PROOF OF THEOREM 3: We call A_T+1, …, A_m the weak players. When the weak players are abandoned, there are T remaining players for each team. By Theorem 1, the uniformly random strategy is a SPE strategy for Team 2. To prove Theorem 3, the key idea is to show that even if Team 1 is allowed to select the weak player, it will not gain more utility if Team 2 keep using the uniformly random strategy. On the other hand, it is obvious that Team 2 can't gain more utility (when Team 1 is allowed to select more players). Therefore, the value of game does not change when the weak players are allowed to play.

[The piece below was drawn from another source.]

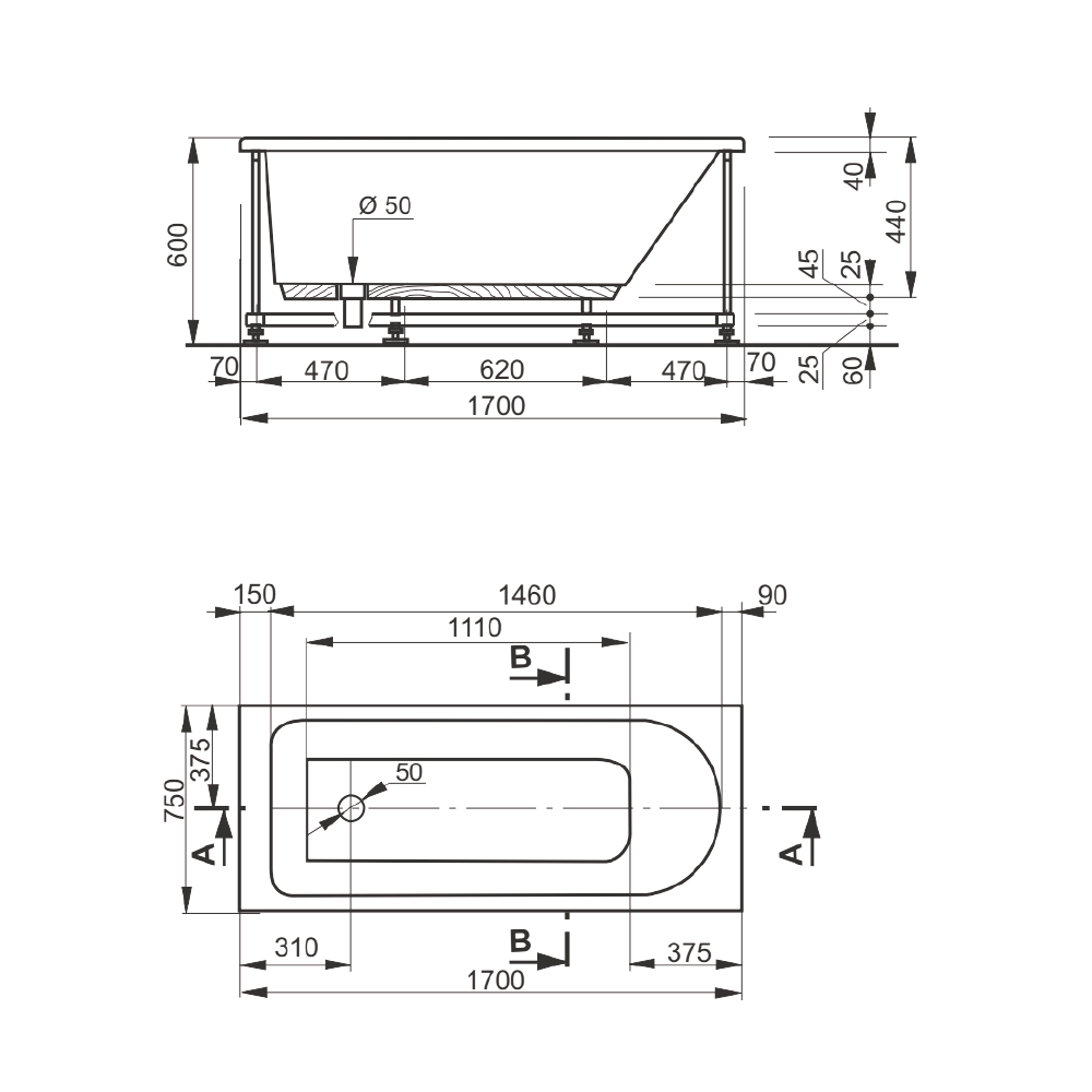 Veedi Ванна акриловая Mira 170х75 с каркасом купить

First, we compute the utility U^* of Team 1 when this team abandons its weak players. As an application of Lemma 4, for any pair of two players A_i, B_j (1 ≤ i, j ≤ T), they meet with a probability no more than 1/T. It follows that this probability equals 1/T, as the sum of all these T·T probabilities equals T. Because A_i meets B_j with probability $\frac{1}{T}$ and A_i wins B_j with probability P_{i, j} when they meet, it follows that the number of rounds t that Team 1 wins equals ${\sum }_{j=1..T}{\sum }_{i=1..T}\frac{1}{T}{P}_{i,j}$ in expectation. Therefore,

$\begin{array}{l}{U}^{*}=({\displaystyle \sum _{j=1..T}}{\displaystyle \sum _{i=1..T}}\frac{1}{T}{P}_{i,j})-\frac{T}{2}.\end{array}$

We now state a formula of the utility U^σ of Team 1 when it does not abandon its weak players and it applies some strategy σ against the uniformly random strategy of Team 2. Let Q^σ(i, j) be defined as Lemma 4. Similar as above, the number of rounds t that Team 1 wins equals ${\sum }_{j=1..T}{\sum }_{i=1..m}{Q}_{i,j}^{\sigma }{P}_{i,j}$ in expectation. Therefore,

$\begin{array}{l}{U}^{\sigma }=({\displaystyle \sum _{j=1..T}}{\displaystyle \sum _{i=1..m}}{Q}_{i,j}^{\sigma }{P}_{i,j})-\frac{T}{2}\end{array}$

We only need to prove that U^σ ≤ U^*, and it reduces to showing that for any fixed j in 1..T,

$\begin{array}{ll}{\displaystyle \sum _{i=1..m}}{P}_{i,j}{Q}_{i,j}^{\sigma }\le {\displaystyle \sum _{i=1..T}}\frac{1}{T}{P}_{i,j}& (2)\end{array}$

To prove (2), consider the following optimization problem:

$\begin{array}{l}\{\begin{array}{cc}\text{Variables:}& x=(x_1,\dots ,x_m)\\ \text{Parameters:}& c=(c_1,\dots ,c_m)\\ \text{Guarantee:}& c_i\ge c_{i^{\prime }}(\forall (i,i^{\prime })\text{ such that }i\le T<i^{\prime })\\ \text{Constraint 1:}& 0\le x_i\le \frac{1}{T}(\forall 1\le i\le m)\\ \text{Constraint 2:}& {\displaystyle {\sum }_{i=1}^m}{x}_i=1\\ \text{Objective:}& maxf(x)={\displaystyle {\sum }_{i=1}^m}{c}_i{x}_i\end{array}\end{array}$

Clearly, f(x) is maximized at x^*, where $x_i^{*}=\{\begin{array}{ll}\frac{1}{T}& i\le T\\ 0& i>T\end{array}$.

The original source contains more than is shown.